SUMMARY: Progressive loss of retinal ganglion cells (RGCs) and subsequent degeneration of
optic nerve is among the most common ophthalmic neuropathies that affect populations
worldwide. A promising therapeutic strategy relies on using stem cells to reconstruct functional
retinal ganglion cells in vitro that can be used to replace dying cells in affected patients. However,
for this strategy to be successful, a thorough understanding to the molecular mechanisms of RGC
specification and differentiation are needed to elucidate and exploit normal RGC developmental
pathways and thereby maximize RGC generation for cell replacement therapies. Our previous
work has mapped the epigenetic landscape dynamics during mouse and human developing
retina. However, there is a fundamental gap in our knowledge to the role of 3D chromatin topology
in RGC development and maintenance. Experiments in this proposal will address this role by
combining innovative state of the art genomic and genetic tools to elucidate the chromatin
architecture dynamics that accompany RGC genesis and to determine how they function in vivo.

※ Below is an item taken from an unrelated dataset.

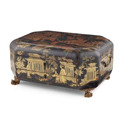 of octagonal form decorated with figural scenes in gardens and pavilions, the compartmented interior fitted with ivory accessories, raised on carved gilt paw feet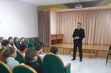 Месячник военно-патриотического воспитания в нашей школе, посвященный Дню Защитников Отечества и проводимый ежегодно, призван формировать эмоционально-волевые качества гражданина - патриота России, повышать уровень физической подготовки подростков и юношей, воспитывать стремление к сохранению и преумножению военного, исторического и культурного наследия. Ведь наша задача - не только дать детям знания, но и воспитать в них глубокое убеждение, что они, являясь гражданами своей страны, должны уметь защищать Отечество, любить Родину, стать подлинными ее патриотами. В связи с этим в школе проводился встреча с участковым уполномоченным полиции Сибагатовым А.А.

Our central hypothesis is that temporal and spatial regulation of ganglion cell genesis is
associated with dynamic 3D genomic interactions between specific non-coding DNA elements
and genes that drive RGC differentiation and optic nerve growth. To test this hypothesis, we will
elucidate the link between 3D chromatin architecture and the expression of a transcription factor
essential for RGC formation. We will also dissect the functional significance of constituents of the
regulatory landscape that accommodates RGC differentiation in vivo. Finally, we will integrate
ChIP-Seq data with techniques that map chromatin topology to elucidate the long-range genomic
interactions that are associated with components of the regulatory networks that are required for
RGC differentiation. When completed the results of this proposal will advance our understanding
to the 3D regulatory landscape that accommodates the generation of RGCs in vivo, a necessary
knowledge to enhance RGC replacement therapies in RGC degenerative diseases.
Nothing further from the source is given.